Step 1 Open the Right Account
Before investing, choose the right account.
TFSA first
Most Canadians should start with a TFSA because growth and withdrawals are tax-free.
RRSP second
Useful if your income is higher and you want tax deductions.
FHSA if applicable
Great if you’re saving for your first home.
To understand how to prioritize accounts, see our guide to TFSA vs RRSP vs FHSA.
Choosing the right account is a key part of learning how to invest $100 per month in Canada effectively.
Step 2 Choose a Simple Investment Strategy
Keep it simple. Complexity is unnecessary at this stage.
All-in-one ETFs
One ETF can give you full global diversification.
Robo-advisors
Automated portfolios that handle everything for you.
Index investing
Track the market instead of trying to beat it.
If you’re unsure where to start, check out Best ETFs for Beginners or explore automated options with Best Robo Advisors in Canada.
According to Vanguard’s diversification principles, diversified investing reduces risk over time.

Step 3 Automate Your Investments
Automation removes friction.
Automatic contributions
Set up recurring monthly deposits.
Discipline
You invest whether the market is up or down.
Removing emotions
Automation prevents hesitation and second-guessing.
This approach is known as dollar-cost averaging. You can learn more in Dollar-Cost Averaging Guide.
Automation is one of the easiest ways to stay consistent when you invest $100 per month in Canada.
Step 4 Stay Consistent (This Is Everything)
Consistency is where most people fail.
Market ups and downs
Markets will fluctuate. That’s normal.
Long-term focus
Ignore short-term noise.
Avoiding panic selling
Selling during downturns locks in losses.
According to Investopedia’s market timing research, trying to time the market often leads to worse results than staying invested.
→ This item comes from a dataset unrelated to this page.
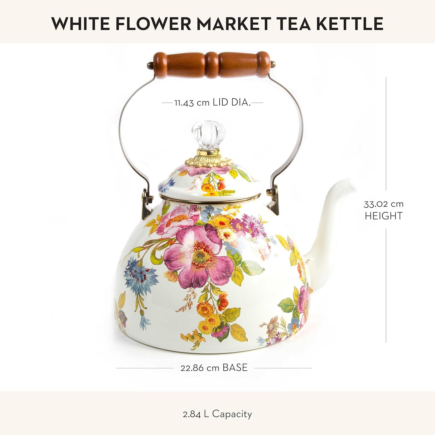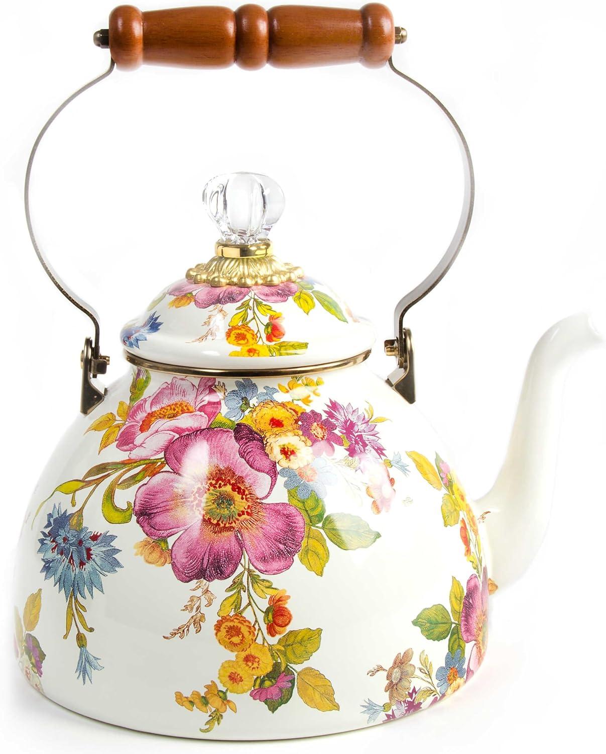 MACKENZIE-CHILDS Enamel Tea Kettle, Cute Tea Kettle for Stovetop, 2 Quarts, Wild Rose White(White Flower Market)

Best ETFs for $100/Month Investors
When investing small amounts, simplicity matters.
Low-cost ETFs
Lower fees mean more money stays invested.
Diversification
Broad-market ETFs reduce risk.
Beginner-friendly choices
All-in-one ETFs are ideal.
If you want specific options, see Best ETFs for Canadian Investors.
These ETFs allow you to invest $100 per month in Canada without overcomplicating your portfolio.
Common Mistakes When Investing Small Amounts
Avoid these early mistakes.
Waiting too long
Delaying investing is the biggest cost.
Trying to time the market
You don’t need perfect timing.
Overtrading
Frequent buying and selling increases costs.
Thinking it’s not worth it
Small investments grow into large ones over time.
Most beginners underestimate how powerful consistency really is.
$100/Month Portfolio Example
Here’s a simple setup.
TFSA
- 1 all-in-one ETF
Why this works
- Full diversification
- Minimal effort
- Low fees
- Easy to manage
This approach keeps everything simple while still allowing long-term growth.
How to Increase From $100 to $500+
Over time, increasing your contributions accelerates growth.
Income growth
As your income increases, raise your monthly contributions.
Saving habits
Reducing expenses creates more investing room.
Side income
Extra income streams can boost contributions significantly.
If you want ideas, check out Best Side Hustles for Canadians.
Scaling your contributions is how you move from small investing to serious wealth building.

Final Takeaway
You don’t need a large amount to start investing.
What matters most is consistency.
By choosing the right account, using simple ETFs, and staying disciplined, you can successfully invest $100 per month in Canada and build real wealth over time.
Small, consistent investing is how most Canadians reach financial independence.
Frequently Asked Questions
Is $100 per month enough to invest?
Yes. It’s a strong starting point.
Where should I invest $100 per month in Canada?
Most beginners start with a TFSA and ETFs.
Should I wait until I have more money?
No. Starting early matters more than the amount.
Can I automate $100 monthly investing?
Yes. Most platforms allow automatic contributions.